▸ YOUR OBJECTIVE: Leaving out each picture, transcribe the lines of the listing below exactly from the first through the line that contains "maamgic Boys Swim".

▸ RECORDED DATA:
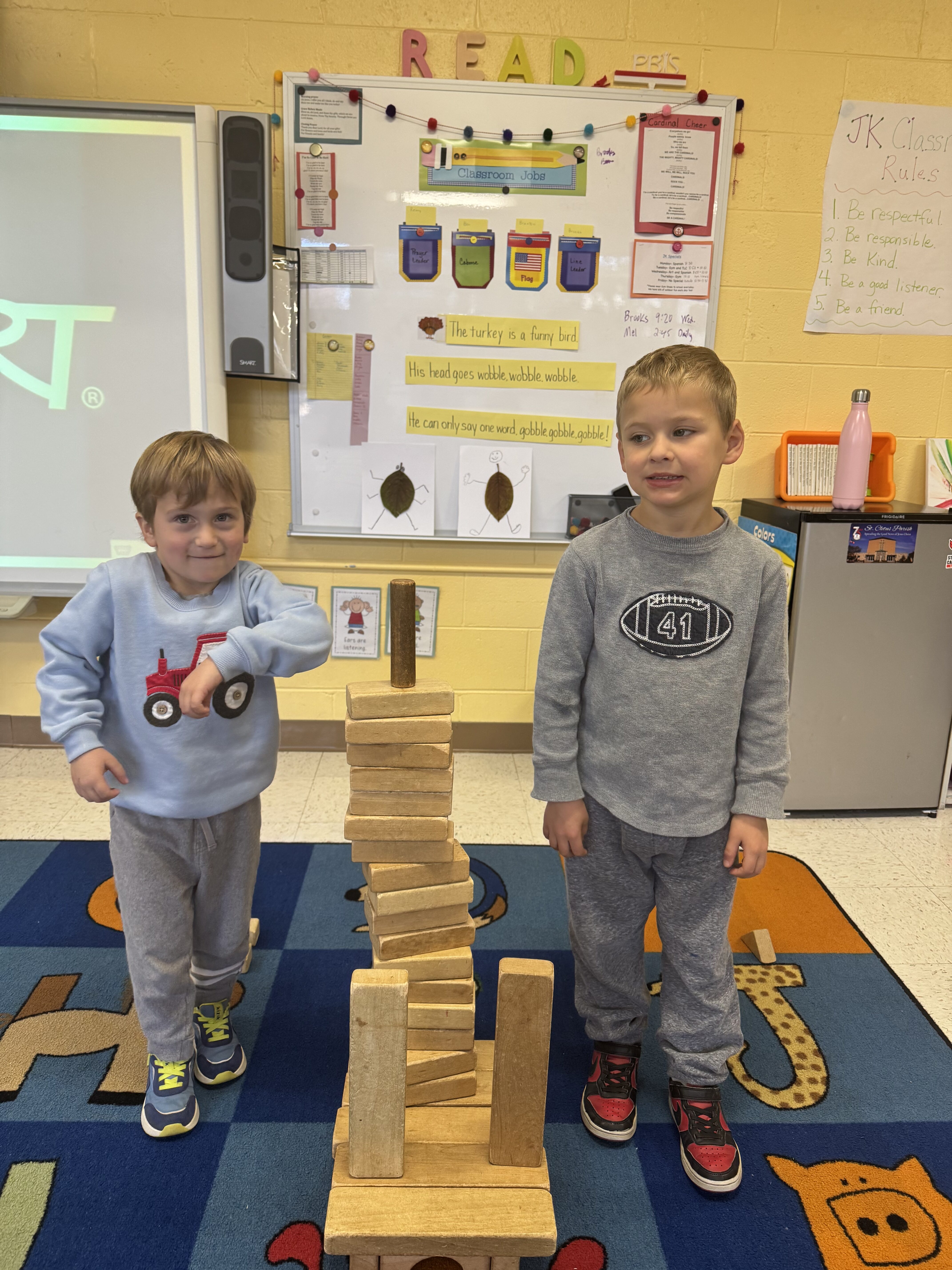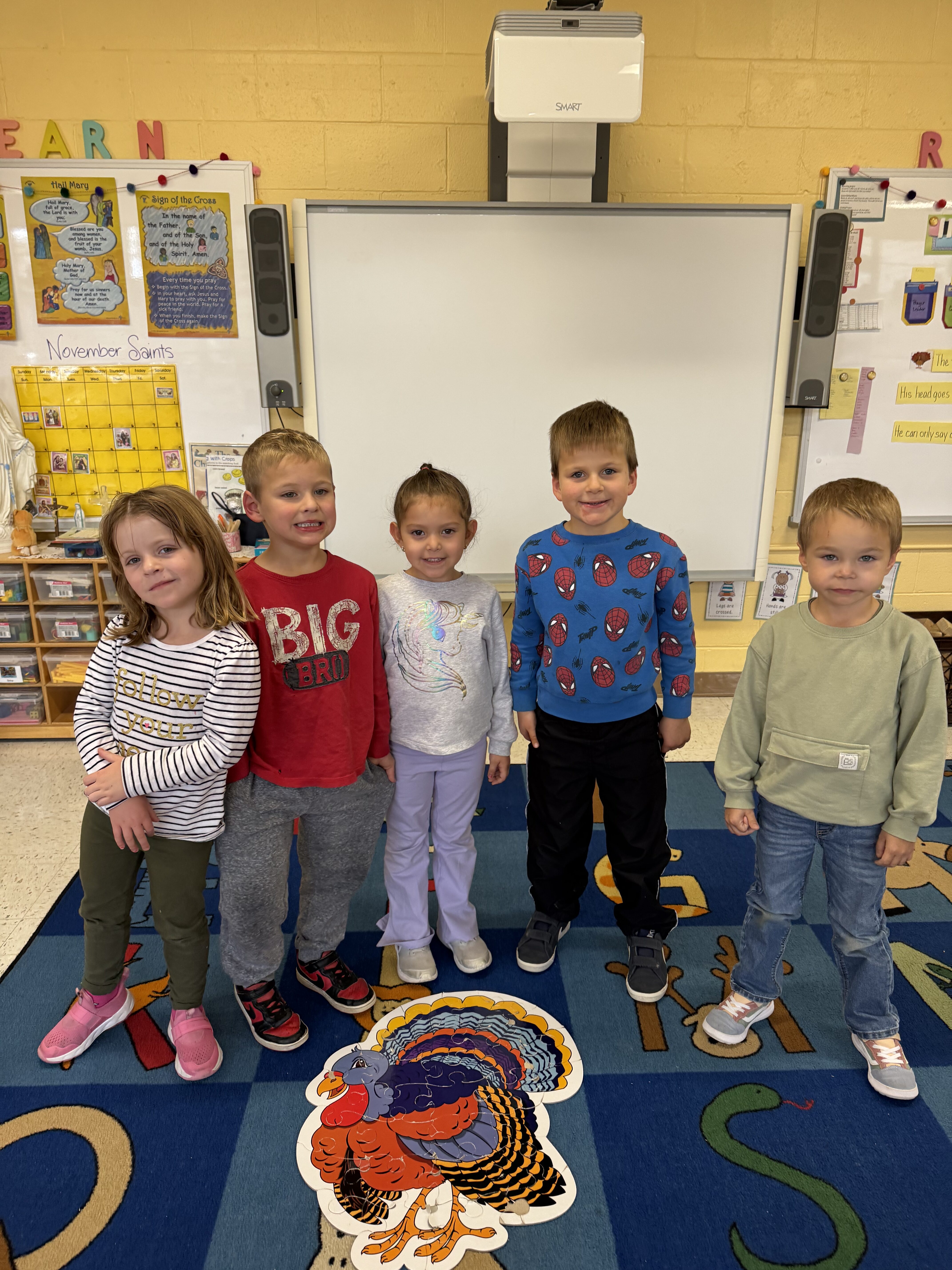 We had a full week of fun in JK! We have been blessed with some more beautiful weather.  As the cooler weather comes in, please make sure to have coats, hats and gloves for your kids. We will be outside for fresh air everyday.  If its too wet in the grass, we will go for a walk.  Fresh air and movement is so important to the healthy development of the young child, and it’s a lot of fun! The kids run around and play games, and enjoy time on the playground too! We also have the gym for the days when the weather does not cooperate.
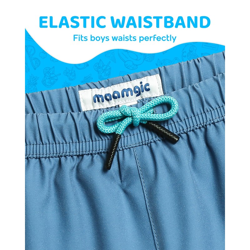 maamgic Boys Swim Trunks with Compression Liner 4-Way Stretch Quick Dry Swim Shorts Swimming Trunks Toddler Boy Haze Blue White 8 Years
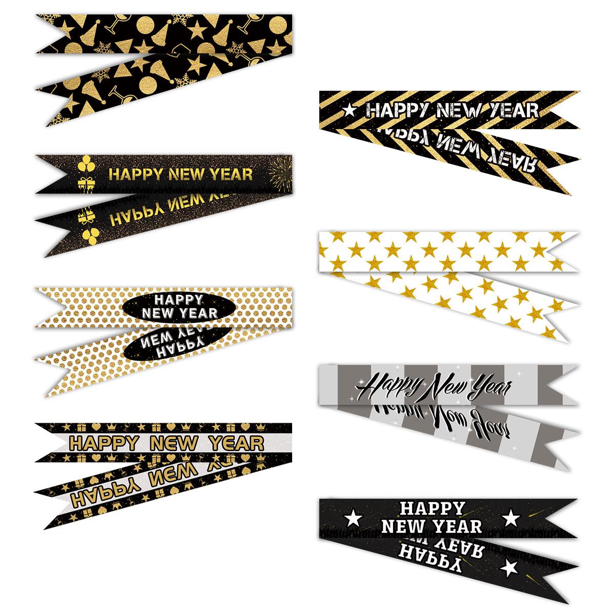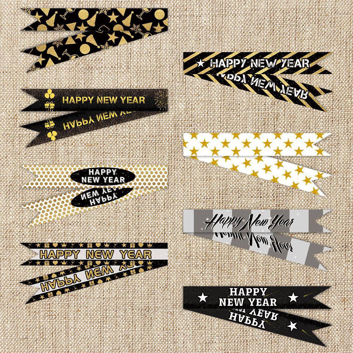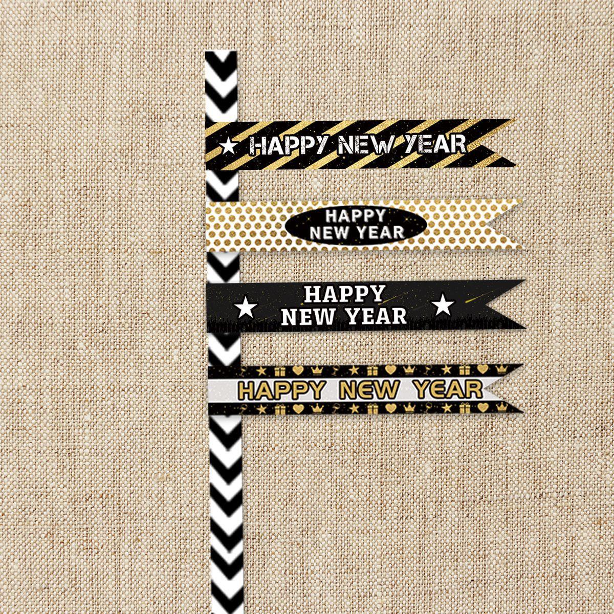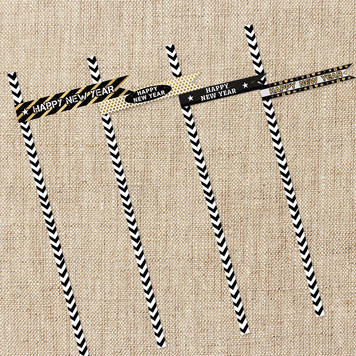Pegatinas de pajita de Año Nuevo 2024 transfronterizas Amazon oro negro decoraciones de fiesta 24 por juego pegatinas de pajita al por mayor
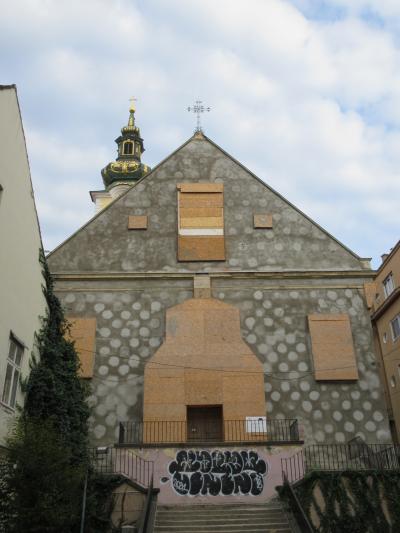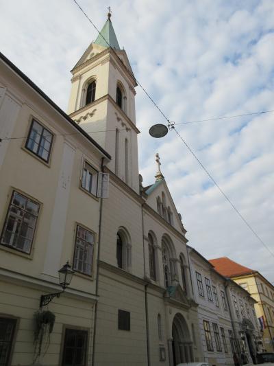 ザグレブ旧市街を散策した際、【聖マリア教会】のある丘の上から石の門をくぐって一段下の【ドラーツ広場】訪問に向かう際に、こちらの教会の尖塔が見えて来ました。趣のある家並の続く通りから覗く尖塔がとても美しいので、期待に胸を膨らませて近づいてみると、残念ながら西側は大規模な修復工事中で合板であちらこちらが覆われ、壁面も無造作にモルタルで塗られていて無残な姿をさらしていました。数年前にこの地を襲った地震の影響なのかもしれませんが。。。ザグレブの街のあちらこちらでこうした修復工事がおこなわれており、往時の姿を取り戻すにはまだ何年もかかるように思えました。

▸ FINISHED TASK:
 We had a full week of fun in JK! We have been blessed with some more beautiful weather.  As the cooler weather comes in, please make sure to have coats, hats and gloves for your kids. We will be outside for fresh air everyday.  If its too wet in the grass, we will go for a walk.  Fresh air and movement is so important to the healthy development of the young child, and it’s a lot of fun! The kids run around and play games, and enjoy time on the playground too! We also have the gym for the days when the weather does not cooperate.
 maamgic Boys Swim Trunks with Compression Liner 4-Way Stretch Quick Dry Swim Shorts Swimming Trunks Toddler Boy Haze Blue White 8 Years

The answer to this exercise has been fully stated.